Records shown START

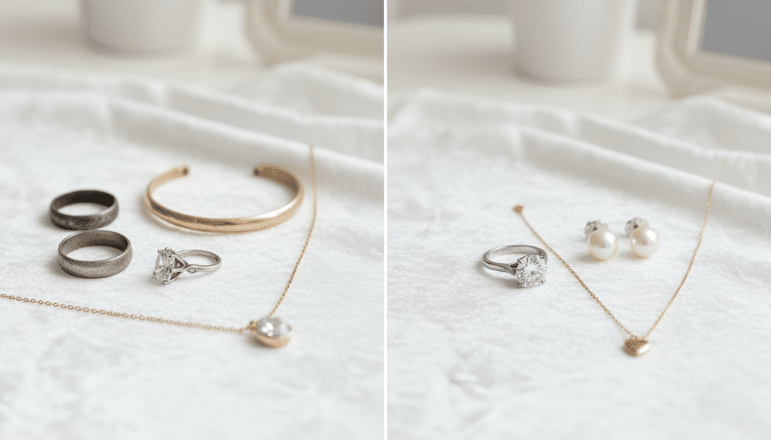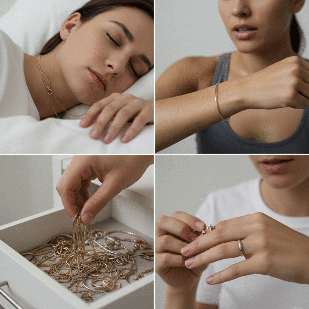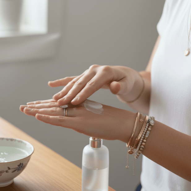 Why this matters: Products need time to absorb into skin. Jewelry put on too early becomes a magnet for chemicals that cause long-term damage.
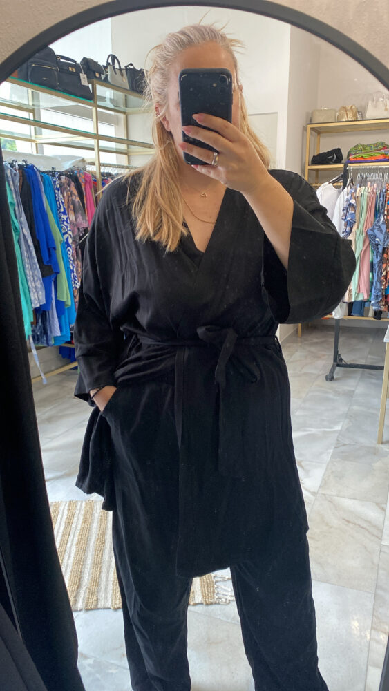 - Σετ κιμονό μακρύ με 3/4 μανίκι και υφασμάτινη ζώνη και παντελόνι με λάστιχο στην μέση σε ίσια γραμμή και τσέπες.
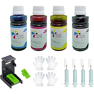 Cartridge COLOUR Refill ink with Suction kit for hp and canon cartridges : Good-Capacity CMYK Ink bottle for hp and canon cartridge printers (70ml)
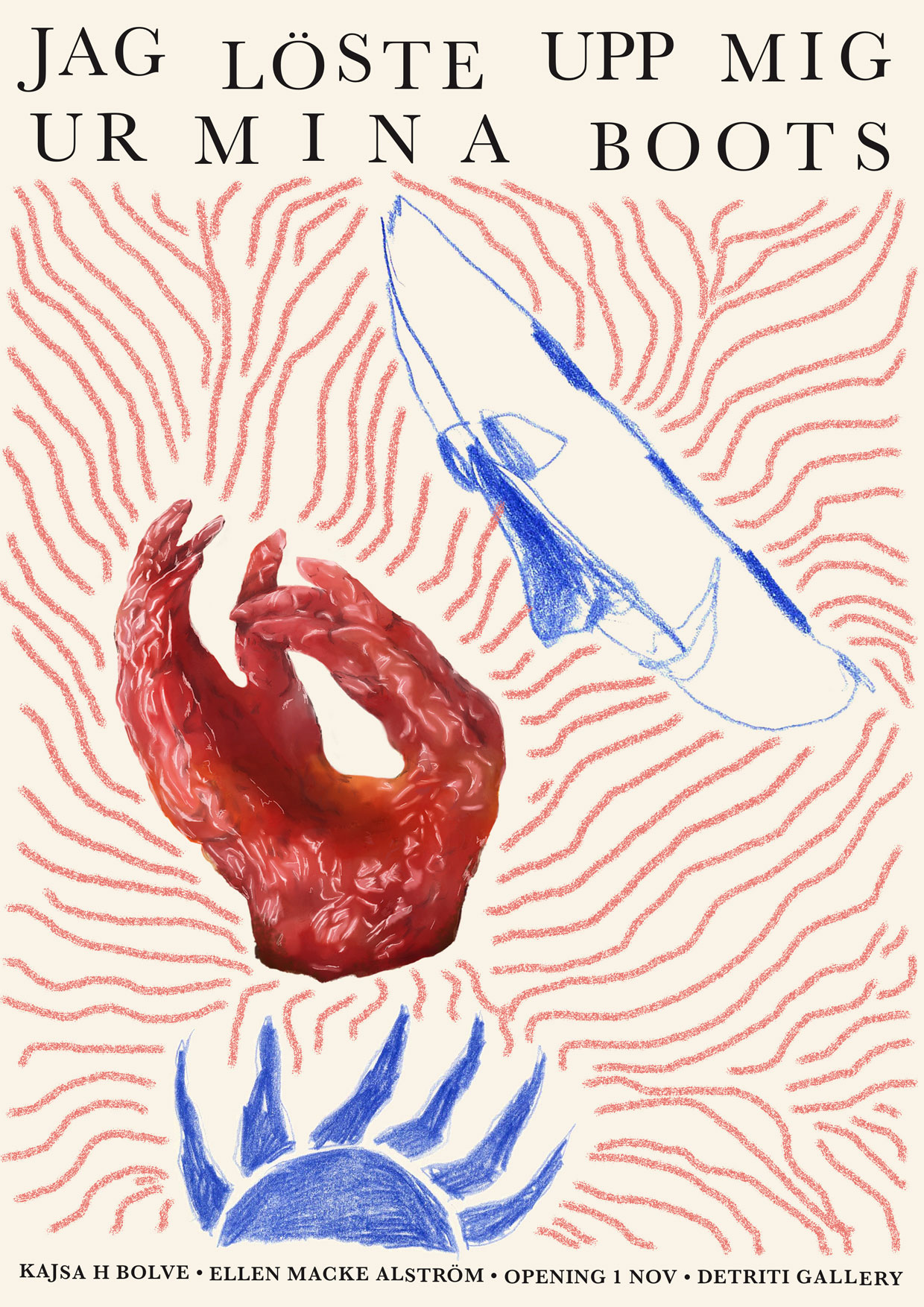 Detriti galleryDetriti har glädjen att presentera "Jag löste upp mig ur mina boots", där konstnärerna Kajsa Håkansson Bolve och Ellen Macke Alström möts i en skulptural dialog formad utifrån idén av en tecknad vikgubbe. Under ett år har de arbetat på verken växelvis, där den ena börjar och den andra tar vid i skapandet tills nya gemensamma hybrida verk tar form. Processen har präglats av video- och fysiska möten, skisser, gemensamma uppgifter och oväntade vändningar.
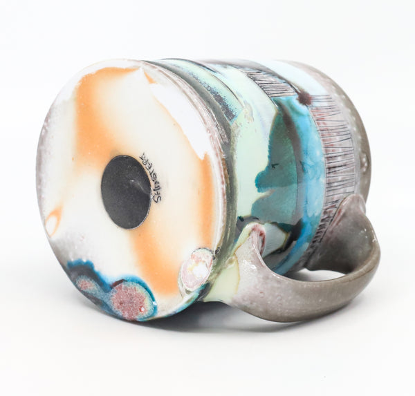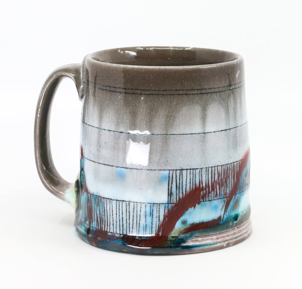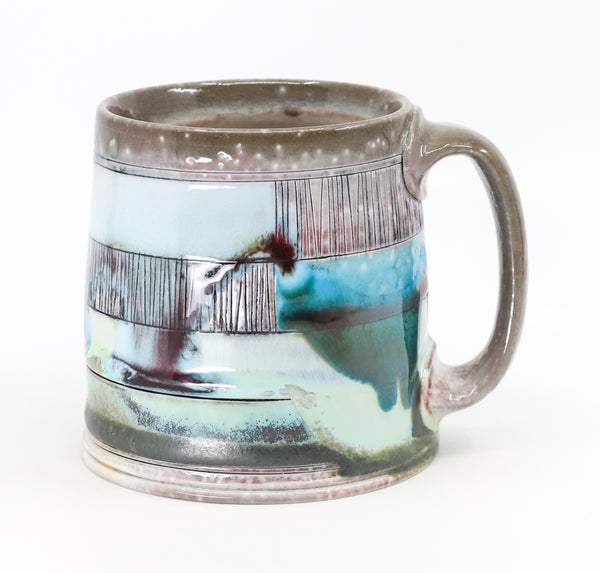 This mug is perfect for your every day coffee, tea or anything else you like to drink! I threw it on the potters' wheel in porcelain. I then hand carved and decorated it with underglaze and glaze. I soda fired it to cone 10.
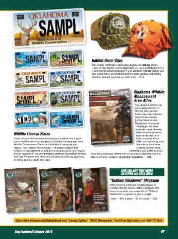 Order online at license.wildlifedepartment.com; “License Catalog,” “ODWC Merchandise.” For bill-me-later orders, call (800) 777-0019.

Records shown END

> Work required
Skip the pictures and print exactly the lines from the one containing "This mug is" through the end of the records above.

> Answer space
 This mug is perfect for your every day coffee, tea or anything else you like to drink! I threw it on the potters' wheel in porcelain. I then hand carved and decorated it with underglaze and glaze. I soda fired it to cone 10.
 Order online at license.wildlifedepartment.com; “License Catalog,” “ODWC Merchandise.” For bill-me-later orders, call (800) 777-0019.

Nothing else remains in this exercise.